Milo was motionless, watching me. Did he know my secret? A secret that I hadn’t even told Maggie? Could he tell I was the type of girl who’d be dumb enough to get semi-seduced (and then fully rejected) by her barely-out-of-school-himself science teacher?
What I didn’t want was for Milo to think I was a goopy girl on a quest for summer love.
“Who cares if I have a soul mate? This is my summer to disconnect,” I said.
“I care,” he said. “I think someone’s out there. For each of us.”
He sounded so much like Maggie, it was actually comforting. I looked him in the eye and said to him what I would have said to her. “How adorable. Do you also believe in Santa Claus? Or is it just looking at stars that makes you want to talk in clichés?”
He blinked. I’d hurt him. Then he laughed. “Screw you, Jersey Girl.”
One thing I hate is when people take a free jab at New Jersey. As if it’s the last word in tacky wasteland. I especially disliked it coming from this self-entitled rich kid. Leading me on with his silly poetic thoughts, then reverting to some easy joke about New Jersey when I didn’t act all enraptured. Maybe I
would
find my soul mate this summer, on this island. It wasn’t the craziest idea. But if I did, I wouldn’t be gunning to go tell Milo McRae all about it.
Meantime, I did my best to act unbothered. Leaning back and stretching my arms over my head. “Put out your cancer stick,” I told him. “Forcing me to breathe in your secondhand is illegal. Even in New Jersey.”
FIVE
They arrived in spite of the deadening effects of my sleeping pill. I’d hoped they wouldn’t follow me to Little Bly. I’d even considered not taking anything. But then I popped it on the decent chance it was a muscle relaxer. My grab-bag game always held an element of risk, and the only pill I didn’t want was one of Mom’s weaker antihistamines. Okay by day, but too thin a blanket for night.

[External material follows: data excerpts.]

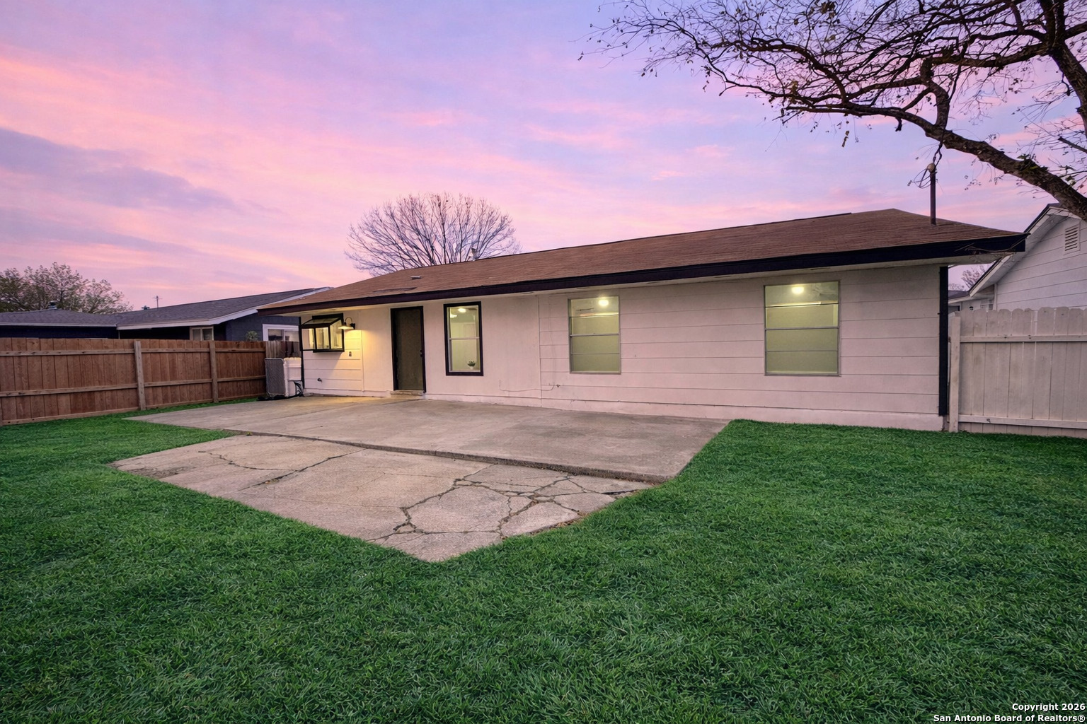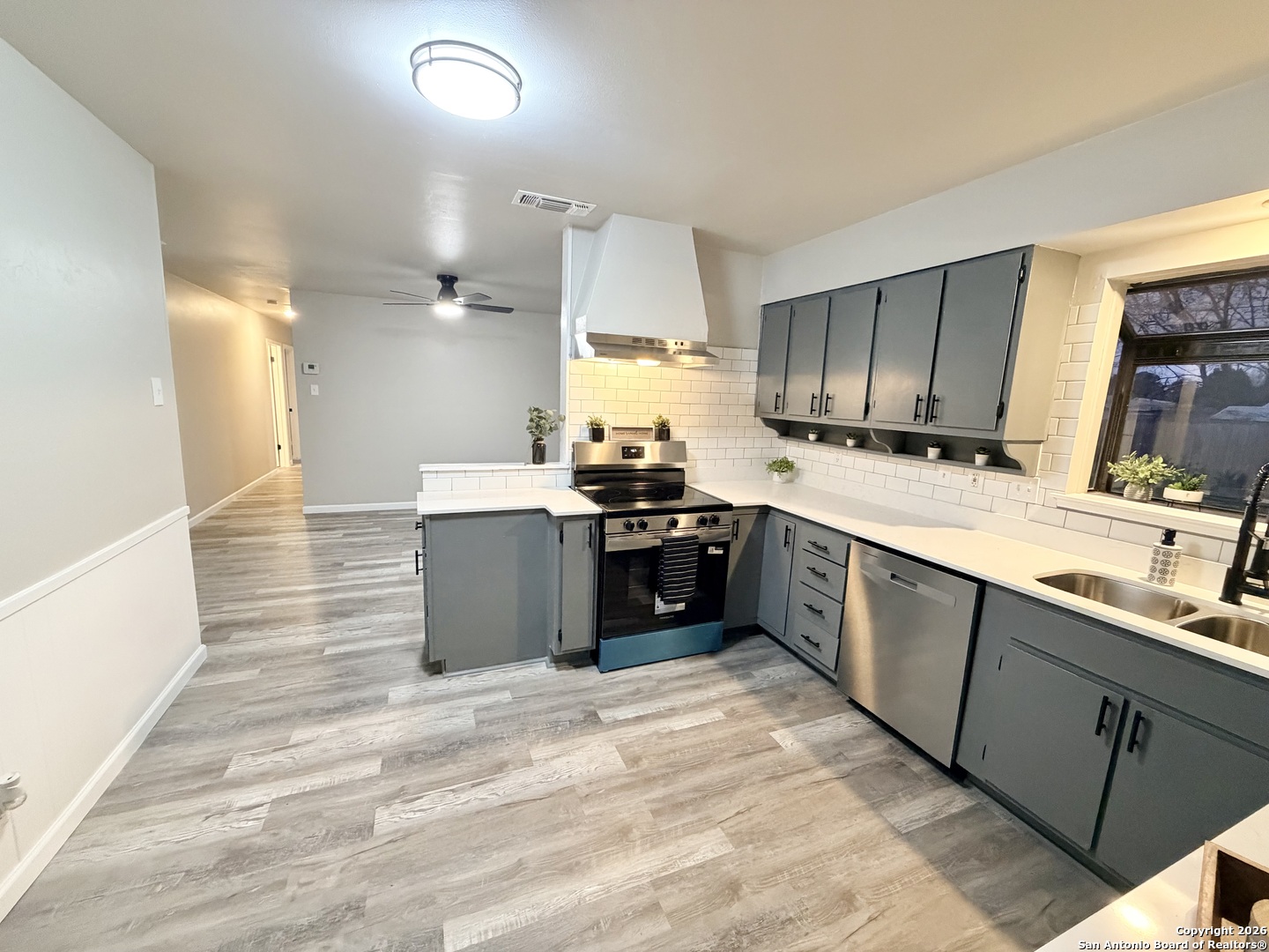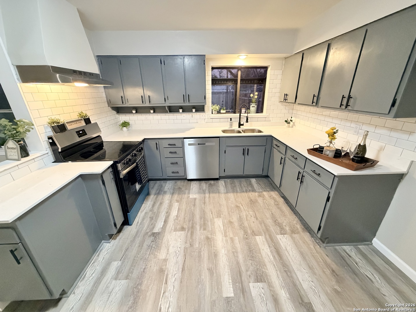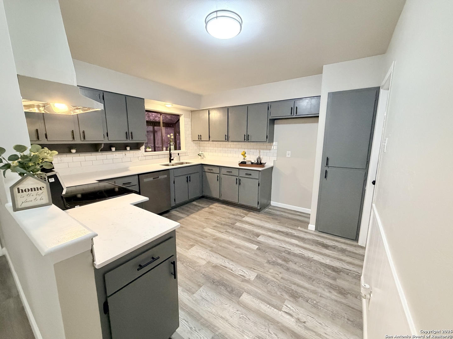 Completely refreshed & move in ready, this beautifully updated single story home offers 3 bedrooms, 2 full bathrooms & a one car garage. Thoughtful upgrades include fresh interior & exterior paint, newly painted kitchen cabinets, stunning quartz countertops, subway tile backsplash & modern hardware. Both bathrooms have been stylishly updated with new vanities, mirrors & toilets. All interior & exterior light fixtures are brand new, complemented by new ceiling fans in every bedroom & the main living area. Luxury vinyl plank flooring flows throughout the home, creating a bright, cohesive & low maintenance living space. Ideally located in NE San Antonio near I 35 & Loop 410, just minutes from Windcrest & Kirby, with convenient access to shopping, dining, parks & major commuter routes. This home shows beautifully & is ready for immediate enjoyment schedule your showing today!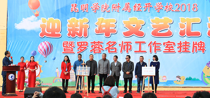 12月29日,开云官网附属经开学校举行了“2018迎新年文艺汇演暨罗蓉名师工作室挂牌”仪式,党委副书记张祖武,副校长郭华出席了挂牌仪式。云南省教育厅师范处雷韬处长、昆明市教育局龚利春副局长、昆明市教育局高中教育处王建方处长、昆明经济技术开发区社会事业局党委李建华书记、昆明经济技术开发区教育局陆文龙局长、开云官网相关职能部门党政领导、昆明经济技术开发区各兄弟学校的党政领导、学生家长参加并见证揭牌仪式。仪式由附属学校校长李晋德主持。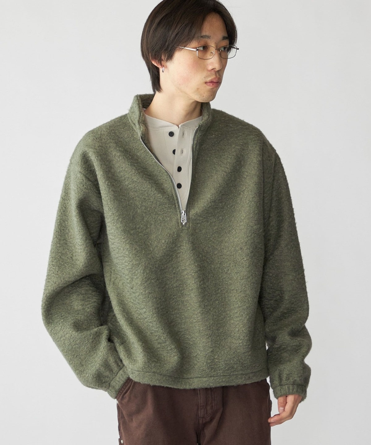 シャギーフリース生地を使用したハーフジッププルオーバー。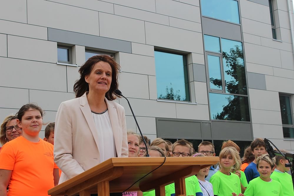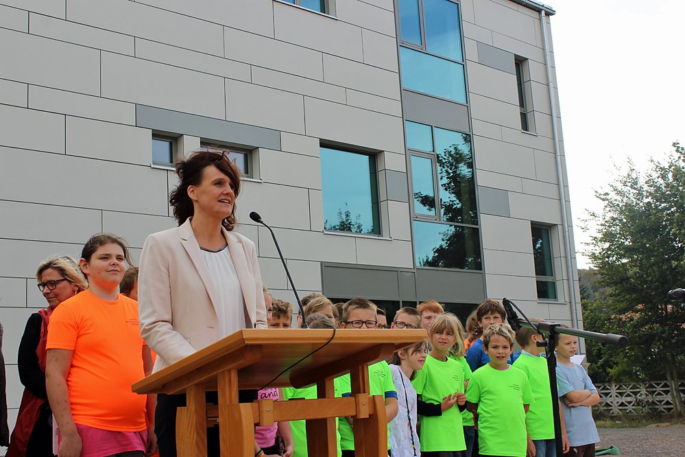 Wilke zeigte sich in ihren Begrüßungsworten hoch erfreut über das gelungene Werk. Mit diesem Erweiterungsbau sieht sie ein Zeichen für Aufbruchsstimmung und Zuversicht. Das ist der Grundstein für die Entwicklung unserer Kinder.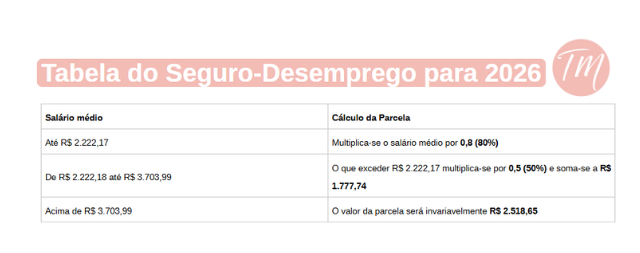 O cálculo do benefício considera a média salarial dos três meses anteriores à demissão. Para quem ganhava até R$ 2.222,17, a parcela corresponde a 80% do salário médio. Entre R$ 2.222,18 e R$ 3.703,99, aplica-se uma fórmula mista definida pelo governo.

Earlier, I’d knelt by the bookcase and rolled the pill in my fingers. I was tired. Did I really need a send-off? Shouldn’t the act of falling asleep be somewhat effortless?
As a compromise, I bit it in half. Sleeping pill. Fifteen minutes later, I was out.
They’d been waiting. Hank was facing me on the small chair by the vanity. Uncle Jim was closer, cross-legged on the duvet I’d pushed to the foot of the bed. The steady pressure of his kneecap against my foot had caused me to wake up, although I’d tried, in my twilit state, to ignore him.
Go away.
My vision adjusted. Hank was slumped in his seat the way I imagine he used to watch television: his arms hanging over the sides and his chin doubled, his gaze lifted. They were distant as twin moons, my dependable companions, visible and yet far out of reach as always.
“You don’t have to watch over me,” I whispered, sitting up. “I think I’ll be okay here. Mom was right. I needed the change.”
Silence. That’s always how it was with Hank and Uncle Jim. They didn’t acknowledge our communion. Then I could stare at them all I wanted. That night, like every other night, Uncle Jim wore his too-big navy suit. The rope marks were like tar streaks beneath his collar.
The way everyone remembered it, Uncle Jim had been cheerful that night, downing a glass of birthday champagne and then excusing himself to slip into Granddad’s study. A private room with a sturdy ceiling light. He’d done it perfectly, a hangman’s noose with coils proportioned exactly to rope thickness, slung in correct position behind his ears. No extra, flopping minutes. He’d been studying to be an accountant, and his death seemed accountably tidy.
The note in his breast pocket had read:
please forgive me.
Hank’s had been the more “predictable” death. Everyone said he’d been “a little off” since boyhood, with a decidedly bad temper. More than once I’d heard family members confess relief that he’d turned that rage on his own body. No note—but my dad’s line on that was that Hank often took himself by surprise.